The Atlantic

The War on Nostalgia

The myth of the Lost Cause is passed down like an heirloom. What would it take for the truth to break through?

- By Clint Smith

Most of the people who come to Blandford Cemetery, in Petersburg, Virginia, come for the windows—masterpiec­es of Tiffany glass in the cemetery’s deconsecra­ted church. One morning before the pandemic, I took a tour of the church along with two other visitors and our tour guide, Ken. When my eyes adjusted to the hazy darkness inside, I could see that in each window stood a saint, surrounded by dazzling bursts of blues and greens and violets. Below these explosions of color were words that I couldn’t quite make out. I stepped closer to one of the windows, and the language became clearer. Beneath the saint was an inscriptio­n honoring the men “who died for the Confederac­y.”

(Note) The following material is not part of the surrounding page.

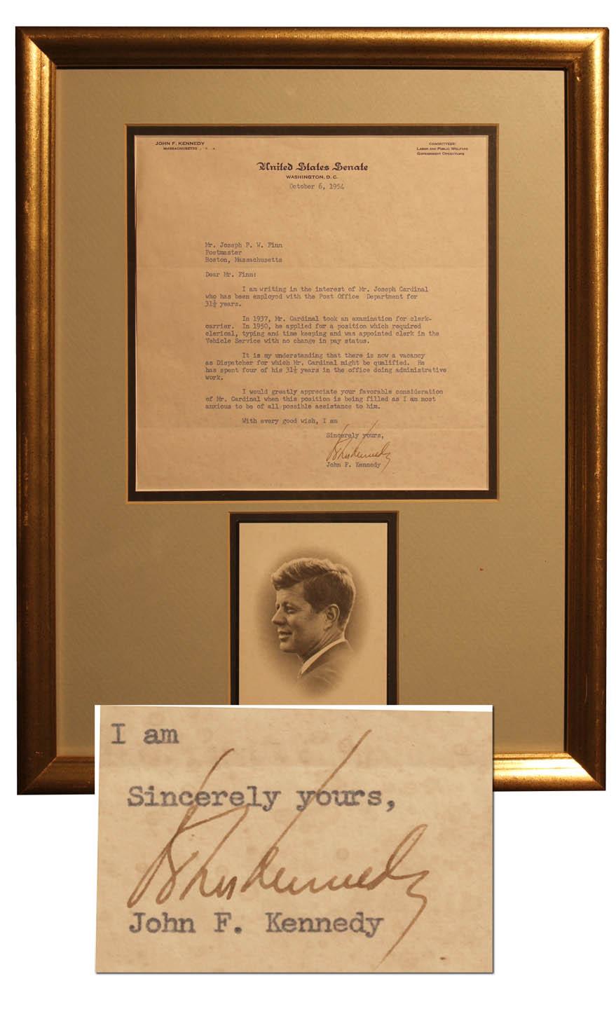 John F. Kennedy typed letter signed, dated 6 October 1954 on official ''United States Senate'' stationery. Letter on one page is addressed to Joseph Finn, Acting Postmaster in Boston, and recommends a former employee for a newly opened Dispatcher position. Reads in full: ''Dear Mr. Finn: I am writing in the interest of Mr. Joseph Cardinal who has been employed with the Post Office Department for 31 1/2 years. In 1937, Mr. Cardinal took an examination for clerk-carrier. In 1950, he applied for a position which required clerical, typing and time keeping and was appointed clerk in the Vehicle Service with no change in pay status. It is my understanding that there is now a vacancy as Dispatcher for which Mr. Cardinal might be qualified. He has spent four of his 31 1/2 years in the office doing administrative work. I would greatly appreciate your favorable consideration of Mr. Cardinal when this position is being filled as I am most anxious to be of all possible assistance to him. With every good wish, I am Sincerely yours, John F. Kennedy''. Signed ''John Kennedy'' in black ink above his typed name. With two expected folds from mailing and a staple mark at top left. Letter, measuring 8'' x 8'' is nicely framed to an overall size of 13.5'' x 17.25''. Near fine.

Outside, lawn mowers buzzed as Black men steered them between tombstones draped in Confederat­e flags. The oldest marked grave at Blandford dates back to 1702; new funerals are held there every week. Within the cemetery’s 150 acres are the bodies of roughly 30,000 Confederat­e soldiers, one of the largest mass graves of Confederat­e servicemen in the country.

From 1866 into the 1880s, Ken told us, a group of local women organized the tracking-down and exhuming of those bodies from nearby battlegrou­nds. “They felt that the southern soldier had not been treated with the same dignity and honor that the northern soldiers had,” and they wanted to do something about it. Most of the bodies were not identifiab­le; sometimes all that was left was a leg or an arm. Nonetheles­s, the remains were dug up and brought here, and the ladies refurbishe­d the old church as a memorial to their fallen husbands, sons, and brothers.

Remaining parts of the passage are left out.